───── Data ─────
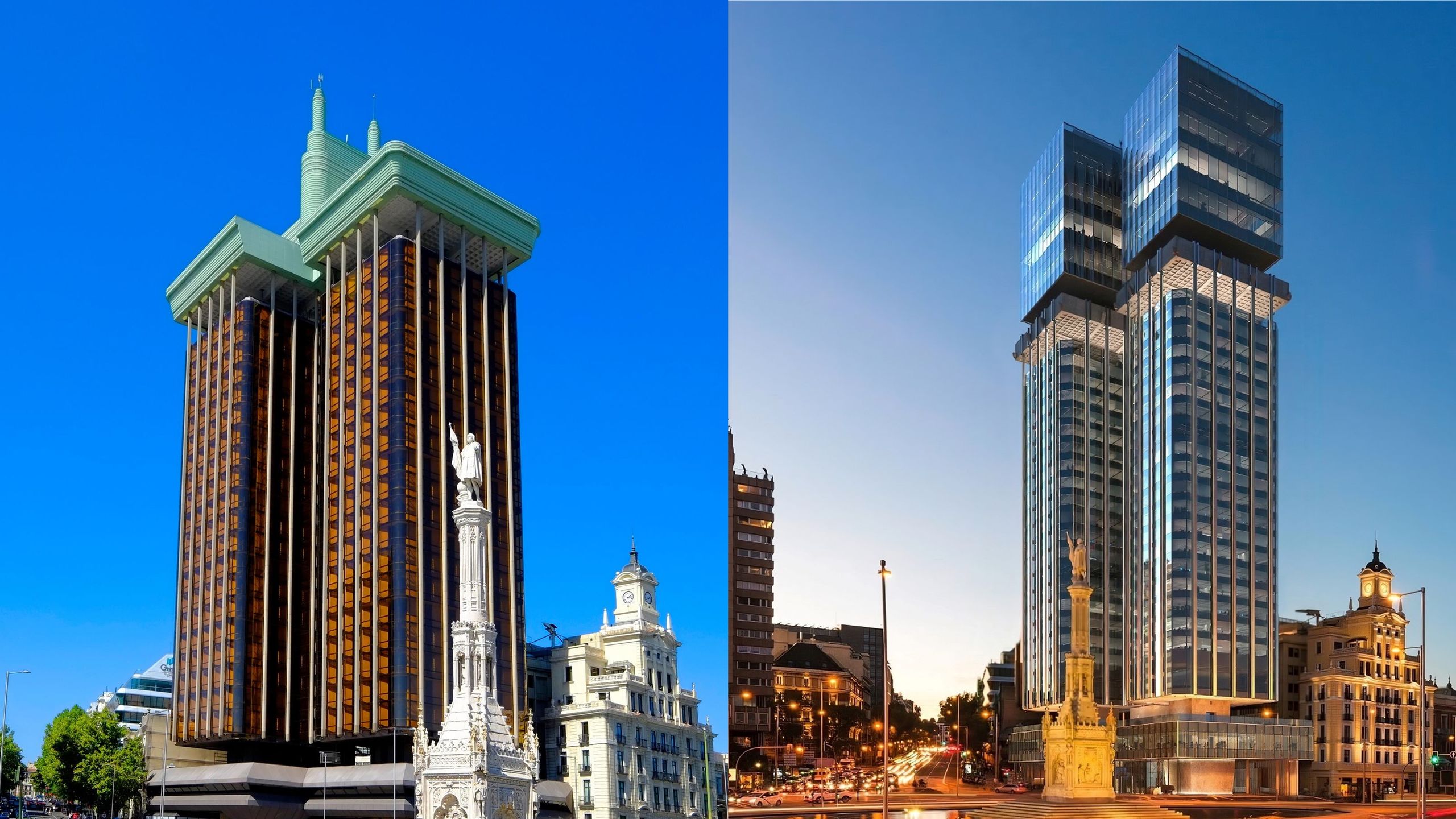 Se prevé que este año 2023 culminen las obras de ampliación y remodelación de las icónicas torres de la Plaza de Colón, que alcanzarán las 27 plantas y eliminarán su particular remate con forma de enchufe. Mutua Madrileña ha invertido 65 millones en esta actuación dirigida por el arquitecto español Luis Vidal.
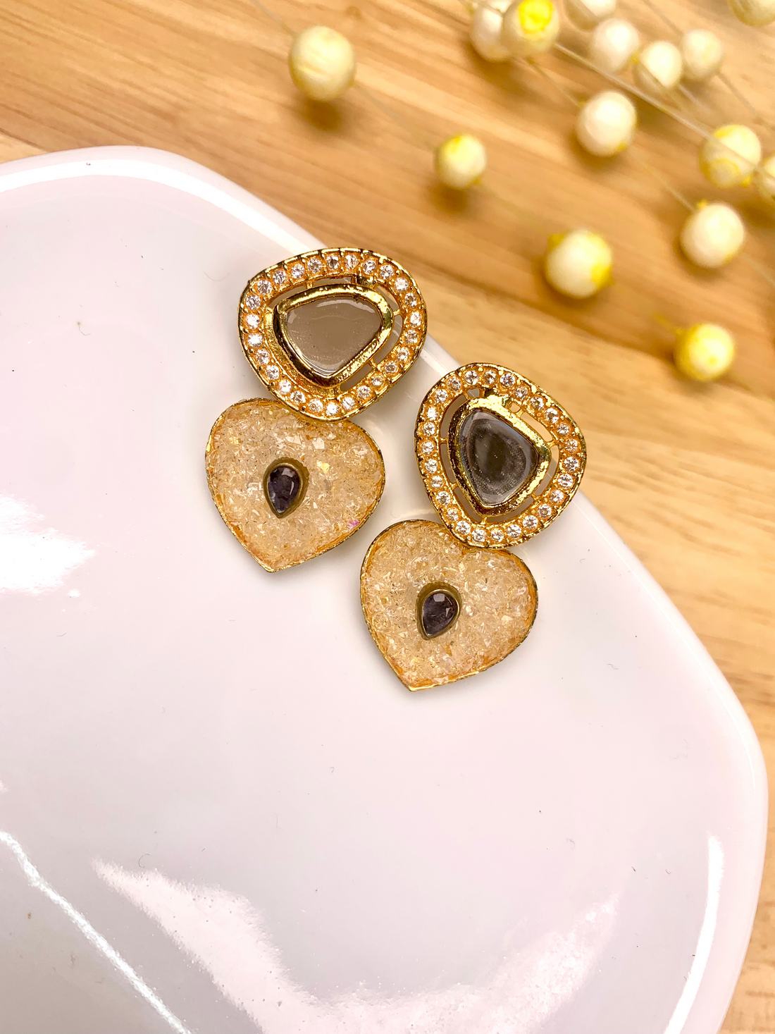 The Aurevia Heart Drops feature a crystal-framed triangular stud paired with textured druzy heart drops,...
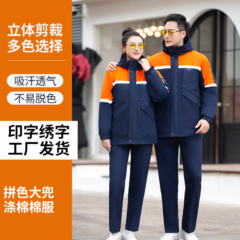 冬季工作服大兜拼色保暖劳保棉服户外仓储搬运防寒棉袄加厚棉上衣
─────
> What you should do
Before you return the listing, strip out its pictures; all else must match exactly.

> Answer below
 Se prevé que este año 2023 culminen las obras de ampliación y remodelación de las icónicas torres de la Plaza de Colón, que alcanzarán las 27 plantas y eliminarán su particular remate con forma de enchufe. Mutua Madrileña ha invertido 65 millones en esta actuación dirigida por el arquitecto español Luis Vidal.
 The Aurevia Heart Drops feature a crystal-framed triangular stud paired with textured druzy heart drops,...
 冬季工作服大兜拼色保暖劳保棉服户外仓储搬运防寒棉袄加厚棉上衣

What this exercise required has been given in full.